Most companies have a harness problem
Most companies do not have an AI model problem. They have an AI harness problem. They give employees access to a powerful chat interface, usage grows, experimentation spreads, and then the bill arrives. At that point, the company realizes that access is not the same thing as architecture.
Signing up for ChatGPT, Claude, Cursor, Gemini, or any other lab-provided surface can be an excellent way to start. It is fast, useful, and gets people moving. But if every user and every workflow hits premium inference by default, the company has not built an AI strategy. It has created a spending pattern.
The missing layer is an internal harness: a company-controlled chat and workflow interface that routes tasks based on job type, risk, benchmark performance, and cost per accepted task.
End users should not manage model economics
Most employees are not going to know which model should handle which task. They are not going to think about input-token cost, output-token cost, tokenizer differences, context length, tool-call overhead, prompt caching, reasoning effort, hidden system prompts, retry rates, schema adherence, model regressions, latency ceilings, review burden, or escalation thresholds.
And they should not have to. An employee should be able to ask for help. The system should decide whether the task belongs with a small model, a medium model, an open-weight model, a frontier model, a deterministic tool, or a human reviewer.
That is the core argument for the internal AI harness. The user chooses the job. The system chooses the model.
Usage scales faster than governance
AI usage can become material very quickly once employees get access to powerful tools, especially when agentic workflows and coding assistants enter the picture. The bill can change even if the pricing page does not.
It can change because the default model changes. It can change because users delegate more work. It can change because the model writes longer. It can change because the tokenizer changes. It can change because tools add context. It can change because agent loops become common. It can change because the harness changes.
Governance has to move upstream.
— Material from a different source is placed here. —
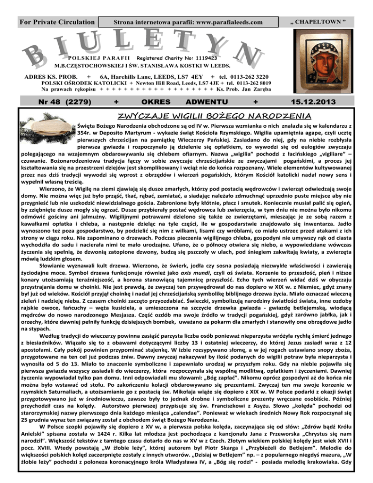 For Private Circulation Strona internetowa parafii: www.parafialeeds.com „ CHAPELTOWN ” P O L S K I E J P A R A F I I Registered Charity No: 1119423 M.B.CZĘSTOCHOWSKIEJ I ŚW. STANISŁAWA KOSTKI W LEEDS. ADRES KS. PROB. + 6A, Harehills Lane, LEEDS, LS7 4EY + tel. 0113-262 3220 POLSKI OŚRODEK KATOLICKI + Newton Hill Road, Leeds, LS7 4JE + tel. 0113-262 8019 Na prawach rękopisu + + + + + + + + + + + + + + + + + + + Ks. Prob. Jan Zaręba Nr 48 (2279) + OKRES ADWENTU + 15.12.2013 ZWYCZAJE WIGILII BOŻEGO NARODZENIA Święta Bożego Narodzenia obchodzone są od IV w. Pierwsza wzmianka o nich znalazła się w kalendarzu z 354r. w Deposito Martyrum ‐ wykazie świąt Kościoła Rzymskiego. Wigilia upamiętnia agape, czyli ucztę pierwszych chrześcijan na pamiątkę Wieczerzy Pańskiej. Zasiadano do niej, gdy na niebie rozbłysła pierwsza gwiazda i rozpoczynało ją dzielenie się opłatkiem, co wywodzi się od eulogiów zwyczaju polegającego na wzajemnym obdarowywaniu się chlebem ofiarnym. Nazwa „wigilia” pochodzi z łacińskiego „vigiliare” – czuwanie. Bożonarodzeniowa tradycja łączy w sobie zwyczaje chrześcijańskie ze zwyczajami pogańskimi, a proces jej kształtowania się na przestrzeni dziejów jest skomplikowany i wciąż nie do końca rozpoznany. Wiele elementów kultywowanej przez nas dziś tradycji wywodzi się wprost z obrzędów i wierzeń pogańskich, którym Kościół katolicki nadał nowy sens i wypełnił własną treścią. Wierzono, że Wigilę na ziemi zjawiają się dusze zmarłych, którzy pod postacią wędrowców i zwierząt odwiedzają swoje domy. Nie można więc już było prząść, tkać, rąbać, zamiatać, a siadając należało zdmuchnąć uprzednio puste miejsce aby nie przygnieść lub nie uszkodzić niewidzialnego gościa. Zabronione były kłótnie, płacz i smutek. Koniecznie musiał palić się ogień, by zziębnięte dusze mogły się ogrzać. Dusze przybierały postać wędrowca lub zwierzęcia, w tym dniu nie można było nikomu odmówić gościny ani jałmużny. Wigilijnymi potrawami dzielono się także ze zwierzętami, mieszając je ze sobą razem z kawałkami opłatka i chleba, a następnie dzieląc na tyle części, ile w gospodarstwie znajdowało się inwentarza. Jadło wynoszono też poza gospodarstwo, by podzielić się nim z wilkami, lisami czy wróblami, co miało ustrzec przed atakami z ich strony w ciągu roku. Nie zapominano o drzewach. Podczas pieczenia wigilijnego chleba, gospodyni nie umywszy rąk od ciasta wychodziła do sadu i nacierała nimi te mało urodzajne. Ufano, że o północy otwiera się niebo, a wypowiedziane wówczas życzenia się spełnią, że dzwonią zatopione dzwony, budzą się pszczoły w ulach, pod śniegiem zakwitają kwiaty, a zwierzęta mówią ludzkim głosem. Słowianie wyznawali kult drzewa. Wierzono, że świerk, jodła czy sosna posiadają niezwykłe właściwości i zawierają życiodajne moce. Symbol drzewa funkcjonuje również jako axis mundi, czyli oś świata. Korzenie to przeszłość, pień i niższe konary utożsamiają teraźniejszość, a korona stanowiącą tajemnicę przyszłość. Echo tych wierzeń widać dziś w obyczaju przystrajania domu w choinki. Nie jest prawdą, że zwyczaj ten przywędrował do nas dopiero w XIX w. z Niemiec, gdyż znany był już od wieków. Kościół przyjął choinkę i nadał jej chrześcijańską symbolikę biblijnego drzewa życia. Miało oznaczać wieczną zieleń i nadzieję nieba. Z czasem choinki zaczęto przyozdabiać. Świeczki, symbolizują narodziny światłości świata, inne ozdoby rajskie owoce, łańcuchy – węża kusiciela, a umieszczona na szczycie drzewka gwiazda ‐ gwiazdę betlejemską, wiodącą mędrców do nowo narodzonego Mesjasza. Część ozdób ma swoje źródło w tradycji pogańskiej, gdyż zarówno jabłka, jak i orzechy, które dawniej pełniły funkcję dzisiejszych bombek, uważano za pokarm dla zmarłych i stanowiły one obrzędowe jadło na stypach. Według tradycji do wieczerzy powinna zasiąść parzysta liczba osób ponieważ nieparzysta wróżyła rychłą śmierć jednego z biesiadników. Wiązało się to z obawami dotyczącymi liczby 13 i ostatniej wieczerzy, do której Jezus zasiadł wraz z 12 apostołami. Cały pokój powinien przypominać stajenkę. W izbie rozsypywano słomę, a w jej rogach ustawiano snopy zboża, przygotowane na ten cel już podczas żniw. Dawny zwyczaj nakazywał by ilość podanych do wigilii potraw była nieparzysta i wynosiła od 5 do 13. Miało to znaczenie symboliczne i zapewniało urodzaj w przyszłym roku. Gdy na niebie pojawiła się pierwsza gwiazda wszyscy zasiadali do wieczerzy, która rozpoczynała się wspólną modlitwą, opłatkiem i życzeniami. Dawniej życzenia wypowiadał tylko pan domu. Inni odpowiadali mu słowami: „Bóg zapłać”. Nikomu oprócz gospodyni aż do końca nie można było wstawać od stołu. Po zakończeniu kolacji obdarowywano się prezentami. Zwyczaj ten ma swoje korzenie w rzymskich Saturnaliach, a utożsamianie go z postacią św. Mikołaja wiąże się dopiero z XIX w. W Polsce podarki z okazji świąt przygotowywano już w średniowieczu, zawsze były to jednak drobne i symboliczne prezenty wręczane osobiście. Później przychodził czas na kolędy. Autorstwo pierwszej przypisuje się św. Franciszkowi z Asyżu. Słowo „kolęda” pochodzi od starorzymskiej nazwy pierwszego dnia każdego miesiąca „calendae”. Ponieważ w wiekach średnich Nowy Rok rozpoczynał się 25 grudnia wyraz ten związany został z obchodem świąt Bożego Narodzenia. W Polsce szopki pojawiły się dopiero z XV w, a pierwsza polska kolęda, zaczynająca się od słów: „Zdrów bądź Królu Anielski” spisana została w 1424 r. Kilka lat młodsza jest pochodząca z kancjonału Jana z Przeworska „Chrystus się nam narodził”. Większość tekstów z tamtego czasu dotarło do nas w XV w z Czech. Złotym wiekiem polskiej kolędy jest wiek XV

The organization needs to understand task economics before premium inference becomes the default path for every request.
Cost per accepted task is the real metric
A company does not buy tokens. It buys completed work. Cost per accepted task is the right economic unit: model cost plus tool cost plus infrastructure cost plus retry cost plus review cost plus failure cost, divided by accepted outputs.
A model can be cheap per token but expensive per task if it needs more retries, produces verbose outputs, fails formatting, misses intent, or requires human correction. A model can be expensive per token but justified if it solves a high-value task correctly on the first pass and reduces review burden.
Tool use adds another layer. Tool definitions, retrieval results, prior context, retries, and verbose outputs can all turn a simple-looking agent workflow into a much larger economic event. A mature harness measures the whole task, not only the model call.
Classify the job before choosing the model
The first job of an internal AI harness is task classification. A prompt like help with this is ambiguous. The harness needs to infer the actual job: drafting, rewriting, summarizing, extracting, classifying, calculating, coding, researching, analyzing, planning, tool execution, or high-risk decision support.
Then it should classify risk: low-risk internal productivity, sensitive internal data, customer-facing output, financial analysis, legal or compliance-adjacent work, regulated data, external publication, code execution, production-system access, or high-impact decision support.
Only then should it route. A routine email rewrite can go to a small model. Invoice extraction can go to a small model plus schema validation. A financial calculation check needs a benchmark-cleared model plus deterministic validation. A board recommendation needs frontier capability and human review. Agentic research needs tool and token budgets.
The harness is the economic control plane
A good internal AI harness needs task classification, risk classification, model routing, token budgeting, validation, escalation, observability, continuous evals, and governance. These are not engineering nice-to-haves. They are the mechanisms that keep enterprise AI economically sane.
Without a harness, every user interaction becomes a direct path to vendor defaults. With a harness, the organization can decide which model handles which job, which tasks can use frontier models, which tasks require review, which tools are available, how much context is allowed, when a workflow should stop, and which outputs count as accepted.
The winning companies will not be the ones that blindly standardize on the newest model. They will be the ones that understand the work, measure the outcomes, and route each task to the right model at the right cost. Access is not architecture.